Stuart McCluskey

Personal information
- Full name: Stuart Campbell McCluskey
- Date of birth: 29 October 1977 (age 47)
- Place of birth: Bellshill, Scotland
- Position(s): Defender

Youth career
- St Johnstone

Senior career*
- Years: Team / Apps / (Gls)
- 1994–2003: St Johnstone / 102 / (3)
- 2003–2004: Falkirk / 1 / (0)
- 2004: Clyde / 17 / (1)
- 2004–2005: Greenock Morton / 22 / (1)
- 2005: Airdrie United / 1 / (0)
- 2005–2006: Dundee / 14 / (0)
- 2007–20??: Richmond SC

International career
- Scotland U19
- 1996–1998: Scotland U21 / 14 / (1)

= Stuart McCluskey =

Scottish footballer

Stuart Campbell McCluskey (born 29 October 1977) is a Scottish former professional footballer. He represented his country, occasionally as captain, at under-19 and under-21 levels.

==Career==
McCluskey began his career at St Johnstone, with whom he progressed through the youth ranks alongside Danny Griffin and under Paul Sturrock. The defender spent a decade at McDiarmid Park, notching up over a century of league appearances along the way.

In 2004, he joined Clyde, then under the guidance of McCluskey's former teammate in Perth, Alan Kernaghan, until the end of the season.

For the 2004–05 season he joined Greenock Morton, with whom he played one season, before moving back to Tayside to sign with St Johnstone's rivals Dundee, again linking up with Kernaghan, who was the new boss at Dens Park.

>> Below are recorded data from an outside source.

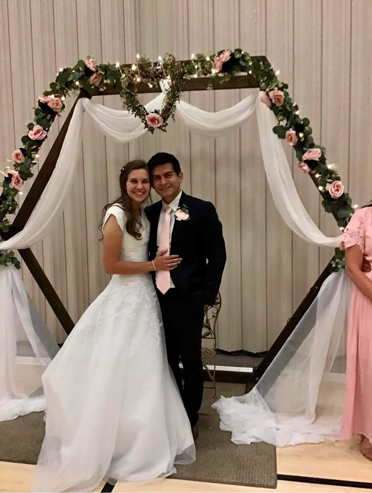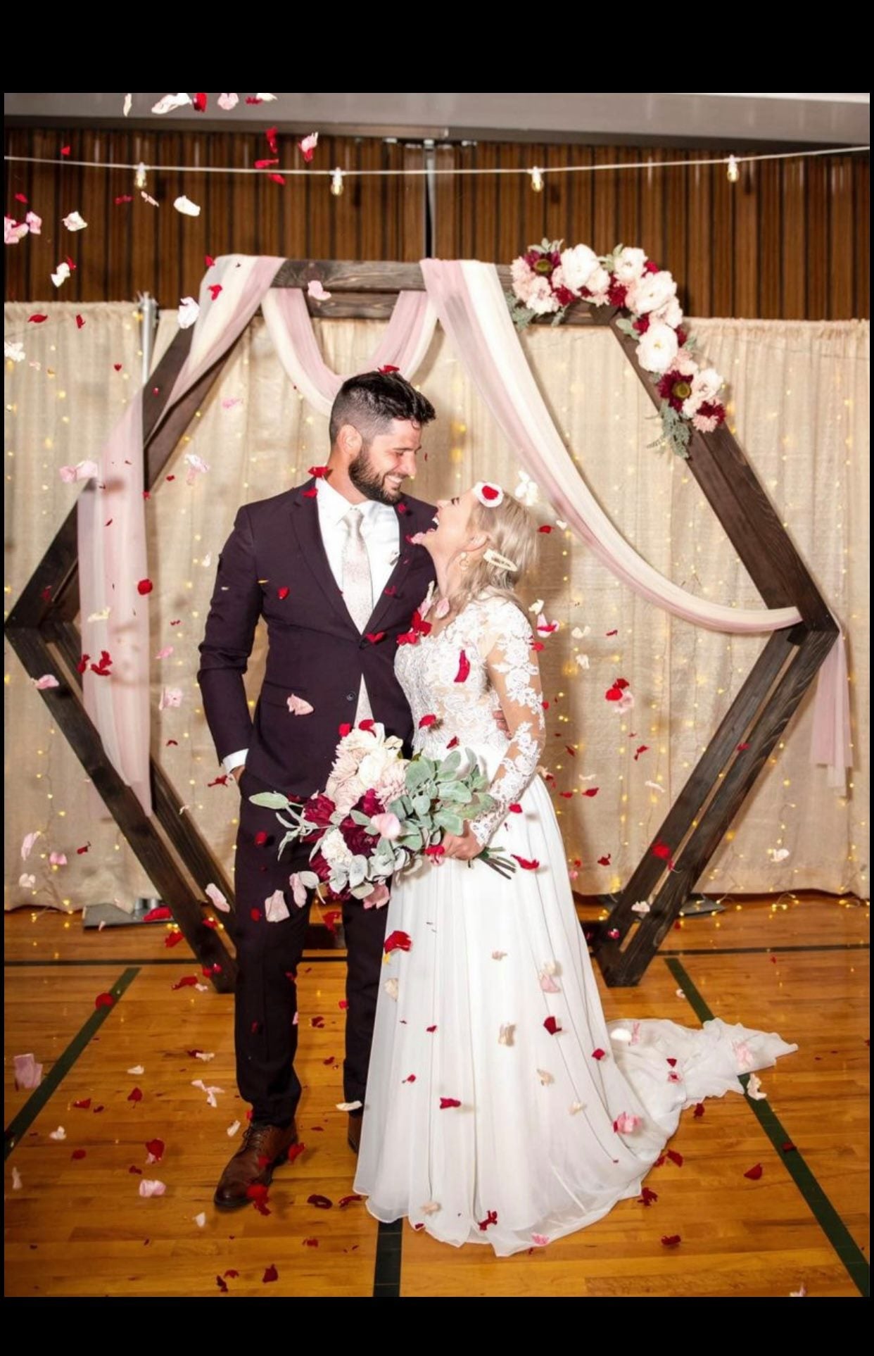 This is a stunning & popular style of double hexagon wedding arch. It is simple to set up and versatile to decorate just the way you want it. 7 foot 10 inches tall, 8 foot wide, top & base piece 4 foot 8 inches.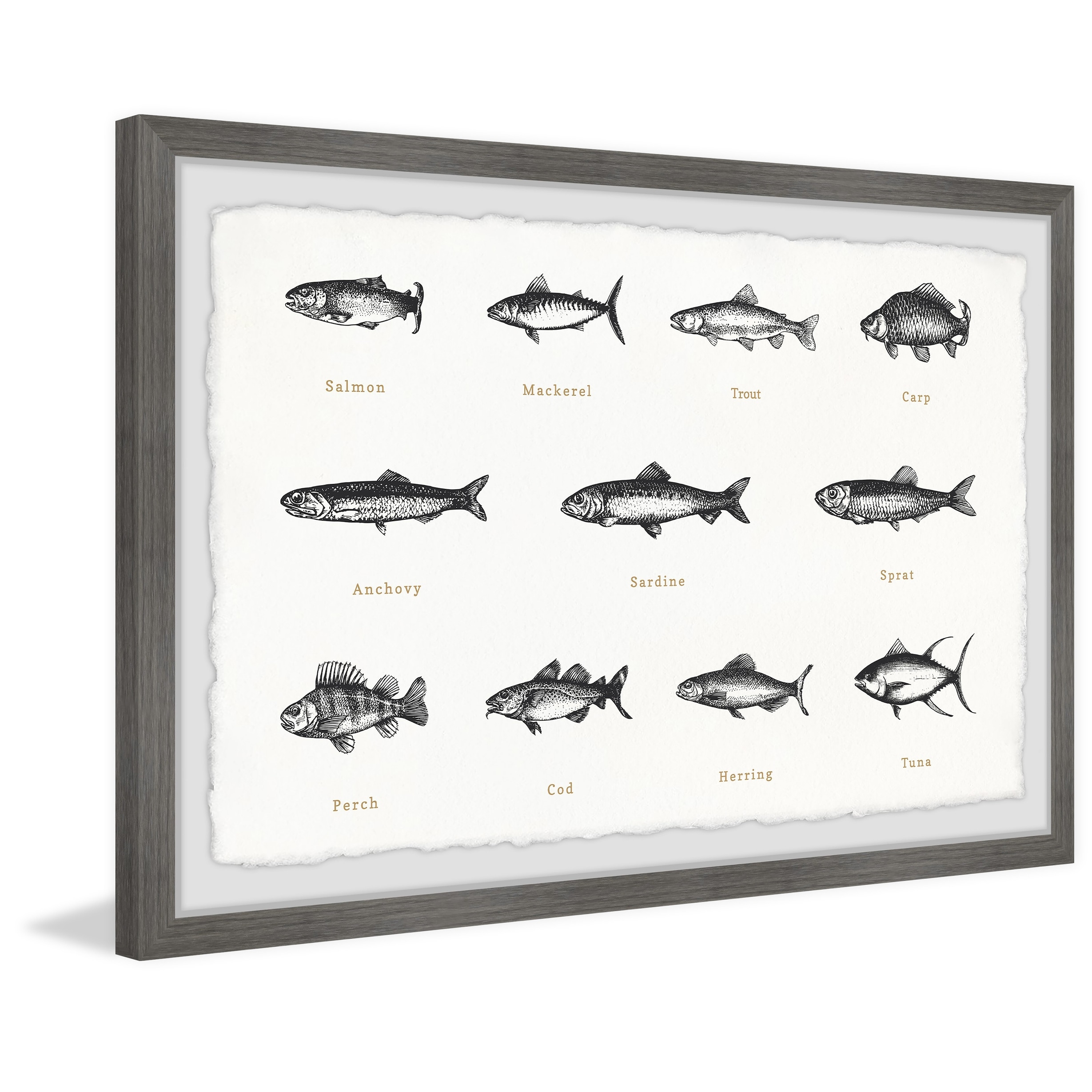 'Deep-Sea Fishes in White' Framed Painting Print
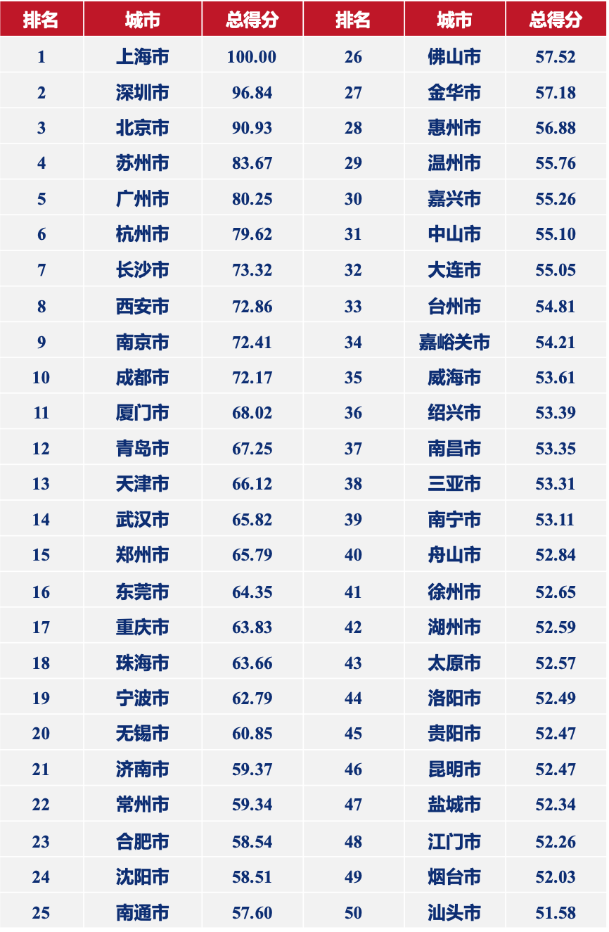 最吸引人才Top-50城市榜单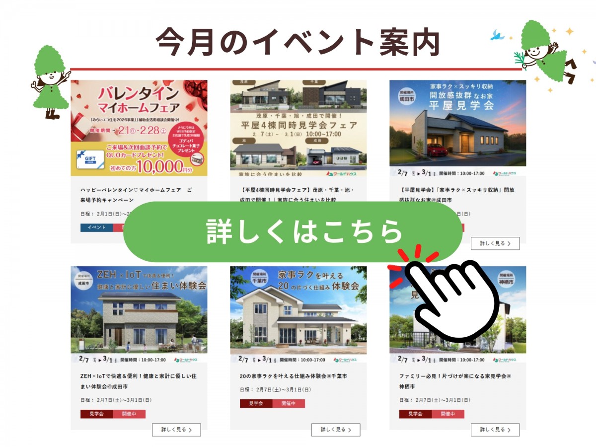いま話題の「みらいエコ住宅2026事業」補助金のご相談もお任せください! ご来場の際にはお建替えやすでに土地を取得されている方は土地の情報、土地探しからの方はご要望をお知らせいただけるとご相談や対応がよりスムーズに。
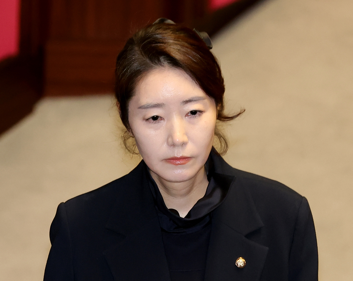 무소속 강선우 의원이 24일 국회에서 열린 2월 임시국회 제8차 본회의에서 체포동의안이 상정되자 신상발언을 한 뒤 발언대를 내려오고 있다. 연합뉴스 |
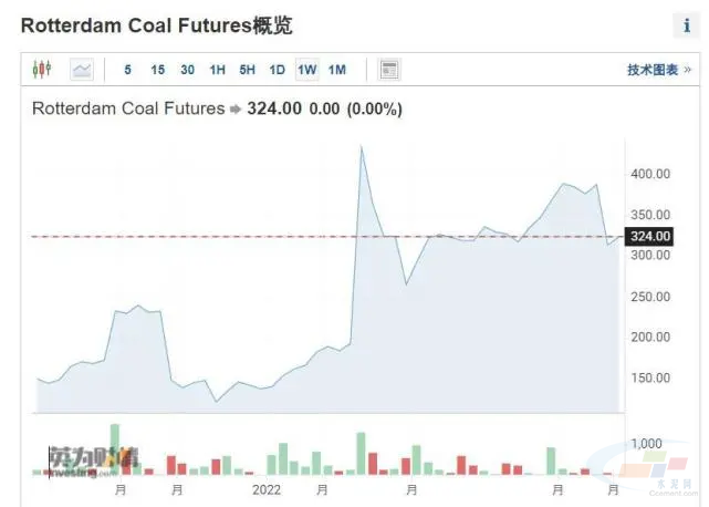 歐洲煤炭價(jià)格基準(zhǔn)之一、鹿特丹煤炭期貨價(jià)格走勢(shì) 圖片來源:英為財(cái)情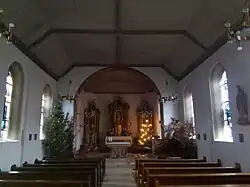 Von der Ausstattung sind der barocke Hochaltar mit den zwei Nebenaltären zu erwähnen, ein Sandsteinrelief des hl. Nikolaus und das Taufbecken, ebenfalls aus Stein.[2]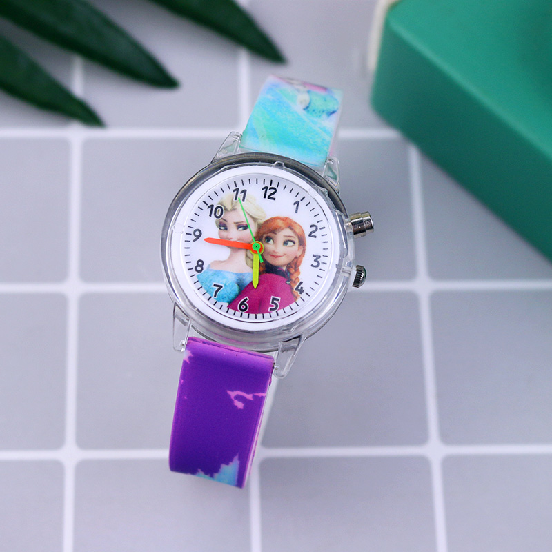 Fashion Cartoon Flash Light Girls Watches Kids with Rracelet Silicone Strap Princess Elsa Children Watches Clock reloj infantil
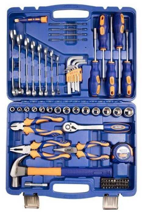 Большой набор инструментов для ремонта. В комплекте 78 предметов, есть все необходимое: комбинированные ключи 8-17мм, г-образные 1,5-10 мм, отвертки, большой выбор головок, пассатижи, длинногубцы, молоток, рулетка. Понравилось качество металла и пластика, увесистые, не гнуться от большой нагрузки. Качественно выполнен кейс, держит хорошо, ничего не вываливается и не болтается. Биты хорошо магнитятся и не вылетают из отверток. Набор достойный, инструменты приятно держать в руках, стоит своих денег.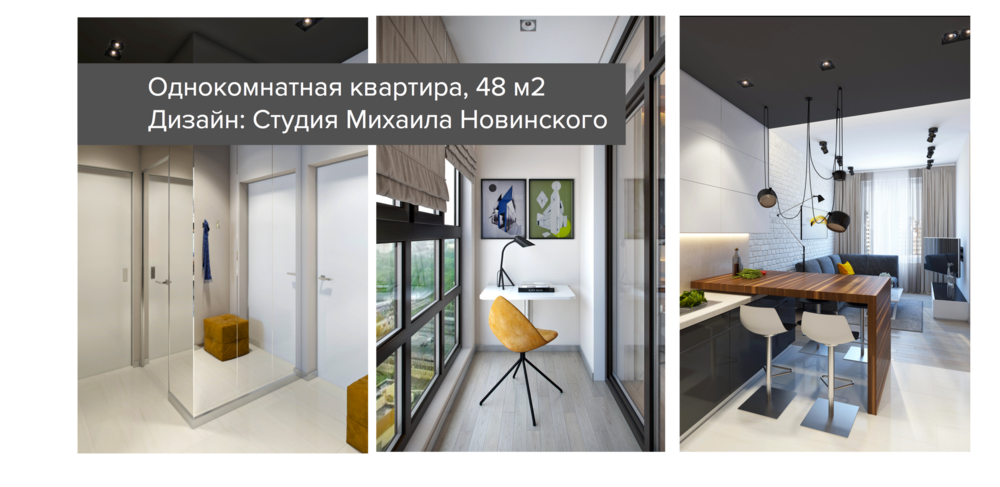 Для дизайнеров этот проект стал настоящим вызовом: на площади всего 48 квадратных метров нужно было разместить несколько функциональных зон и максимум мест для хранения. Профи сделали ставку на удобную планировку с изолированными комнатами и «поиграли» с отделкой: графитовый потолок и зеркальные стены — только часть дизайнерских экспериментов.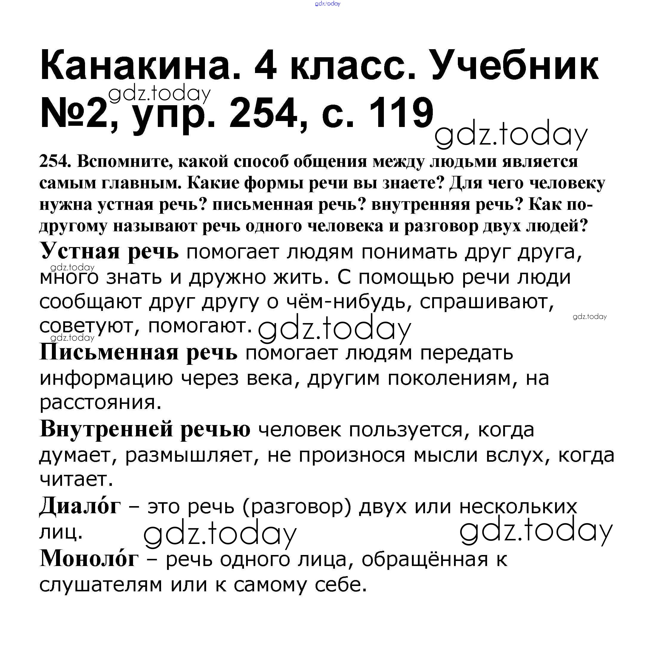 На страницах сайта gdz.today вы найдете учебный и вспомогательный материал, направленный на улучшения знаний школьной программы. ГДЗ - онлайн мир знаний Решение к части 2 254 Учебнику по Русскому языку для 4 класса Канакина, Горецкий Просвещение Школа России 2015

In April 2006, McCluskey was one of several players released by Dundee. He was reported to be looking to try his hand in Australia, and in May 2007 joined Melbourne-based Richmond SC, becoming club captain. During the 2008 season he also took up coaching and along with Tony Gignalito coached the Under 16 Richmond junior boys team.